The Mexican National Soccer Team has released a video asking fans to stop chanting “puto” at stadiums, otherwise FIFA’s policies could thwart the team’s World Cup chances.

In the video (below), various players and suits from Mexico’s National Team say:

“Do you notice all the chants in a match? Chants? There are plenty. But there is only one that can silence us — ‘puto.’ [It can] throw us out of the World Cup.

The situation is this: If you scream ‘puto,’ the referee stops the match and makes you leave the stadium. If the chants continue, the referee halts the game and he could send the players back to the locker rooms. If it happens again, the next match would be behind closed doors. If it’s with the National Team, we could lose the match.

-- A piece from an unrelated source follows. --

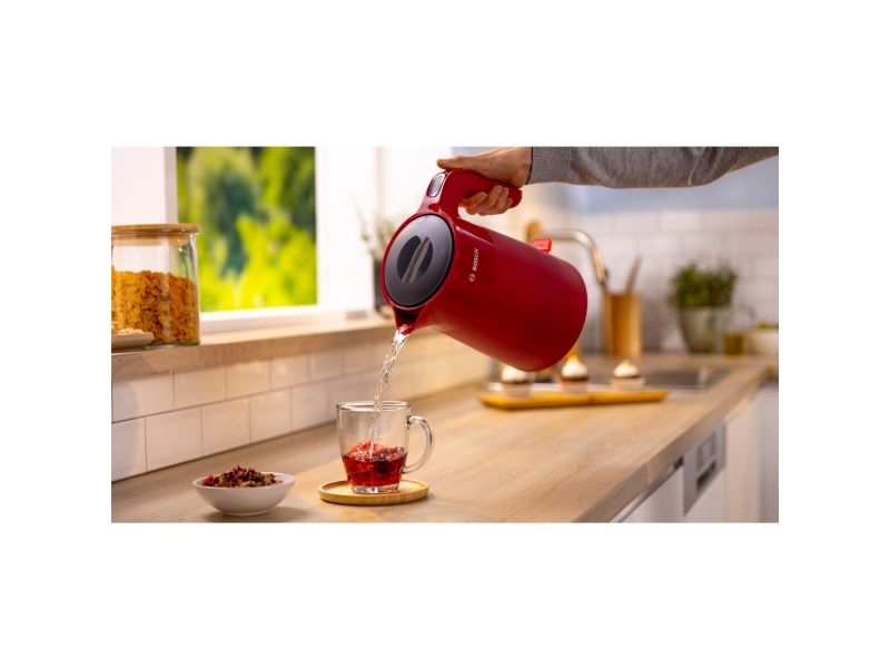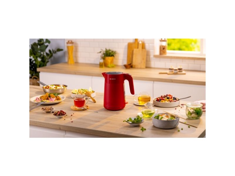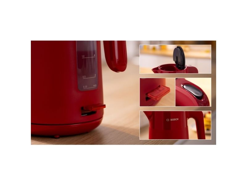 The Bosch MyMoment TWK2M164 kettle combines functionality with safety, making it an essential appliance for any kitchen. With a 1.7-liter capacity, it's perfectly suited for preparing hot beverages for families or gatherings. The kettle features a 360-degree connector base and cordless pouring, which together provide convenience in use and handling. Safety is a priority with the inclusion of boil-dry protection and overheat protection, ensuring the kettle operates safely under all conditions. Additionally, the concealed heating element not only facilitates easy cleaning but also ensures efficient boiling. The kettle's design is complemented by a BPA-free plastic body, emphasizing health and environmental consciousness. With these features, the Bosch MyMoment kettle stands out as a reliable and user-friendly choice for those who value both safety and convenience.

This is serious. This is FIFA’s new rule all over the world. Because of a chant, we can be left out of the game. The World Cup means a lot for everyone. It’s the excitement of millions. Not because of a few everyone should lose. I

If you see someone swearing, point them out. We will see you at the stadium. Shout anything you want, except the chant that leaves us out of the game.”

The video ends with the hashtag #FueraDelJuego, which literally translates to “Out of the game” or “offsides,” a soccer rules that says an attacking player can’t be too close to their opponent’s goal.

Here’s the video:

FIFA’s “new” rule referenced in the video has actually been around since 2017, FIFA just re-emphasized it this last July.

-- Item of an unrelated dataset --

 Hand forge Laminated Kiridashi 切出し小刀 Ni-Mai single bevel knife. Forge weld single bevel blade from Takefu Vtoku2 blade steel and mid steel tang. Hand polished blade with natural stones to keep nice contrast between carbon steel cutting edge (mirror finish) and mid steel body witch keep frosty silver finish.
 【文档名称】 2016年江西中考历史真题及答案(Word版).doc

Mexican soccer fans have long used “puto” as an insulting homophobic chant. But even though the word colloquially means “faggot,” in 2014, the national team’s World Cup coach defending the chants as a way to psyche-out goalies. In 2016, the Mexican Soccer Federation claimed the chant wasn’t homophobic and appealed FIFA’s fines for it.

However, in April 2016 Mexico’s national team declared the slur discriminatory and created a campaign to fight it. Then, in 2017, the Mexican Soccer Federation asked fans not to repeat the slurs, stating, “If they suspend the game or if they expel you from the stadium; we lose, you lose, we all lose.”

The request worked. During the country’s June 2017 match against New Zealand, “puto” was nowhere to be heard.